Previous attempts at recreating cell culture models of the lymph node for preclinical vaccine testing are not as useful for modeling the human adaptive immune response. These experimental models do not result in the appropriate biomarkers, de novo lymphoid follicle formation, or survival of plasma cells. In addition to ethical concerns and shortages of non-human primates due to the current COVID-19 pandemic, animal models do not usually replicate an intact human immune response. Taken together, these findings suggest that the LF-Chip may be a useful human-relevant tool for assessing the efficacy and safety of vaccines and adjuvants in a patient-specific manner. 

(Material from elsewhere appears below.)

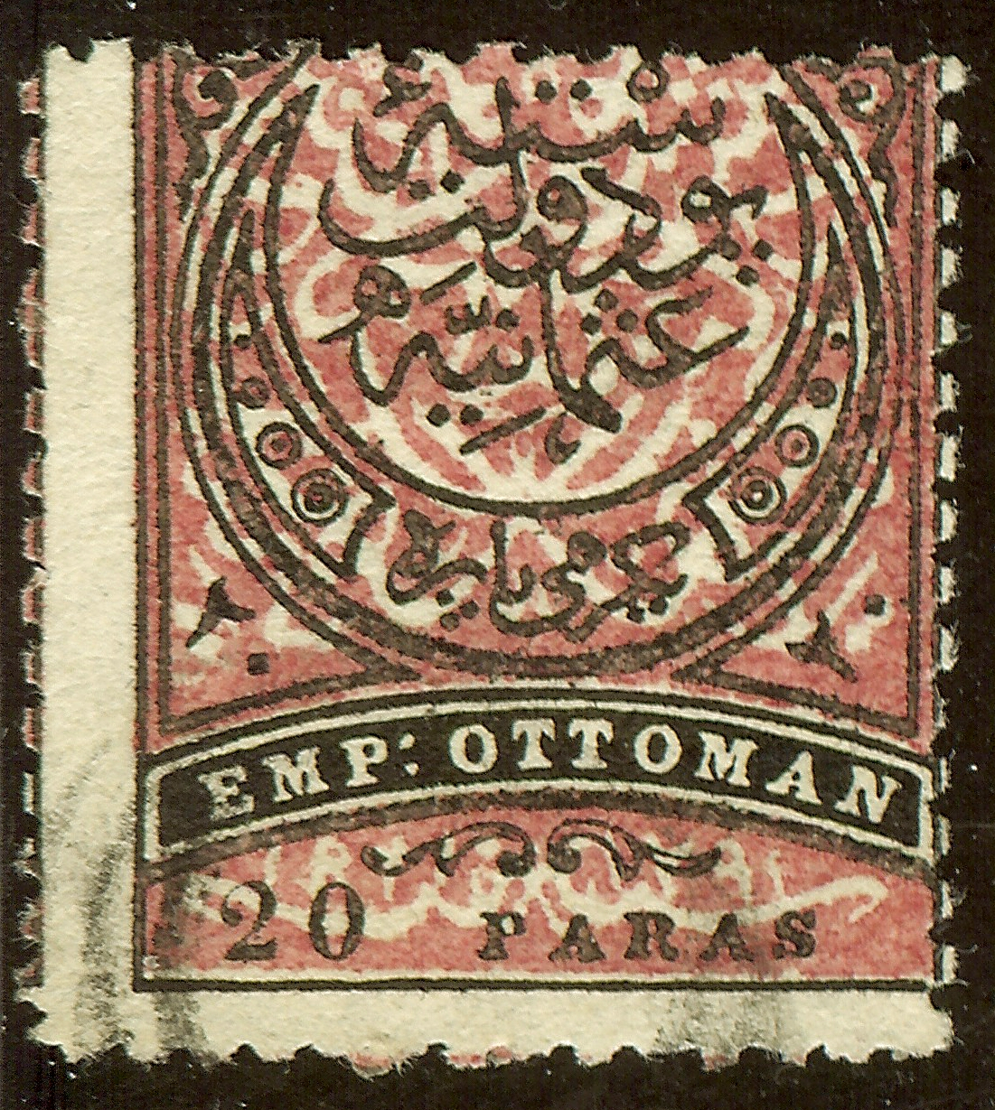 A 20 para stamp of Ottoman Empire, 1880-84, Empire issue, Scott Cat. no. 61.

Future Uses for the LF-Chip 

Using primary human blood cells collected non-invasively, the LF-Chip can also be used to study the basic biology of immune organ formation as well as antigen-induced immunological responses. Specifically, results obtained in this study suggest that the presence of dynamic fluid flow promotes LF formation and reduces autoactivation of B cells, possibly facilitated by the ECM to promote proper cell interactions. Future work with the chip could explore how mechanical forces work to support organ formation at the cellular level. The LF-Chip may also be used to understand control of genes encoding cytokines and chemokines that govern the microenvironment critical for formation of germinal centers and immune cell activation. Using high-resolution imaging, many of the cellular and molecular processes occurring in the LF-Chip can be observed over time, enabling valuable longitudinal studies of human immune responses.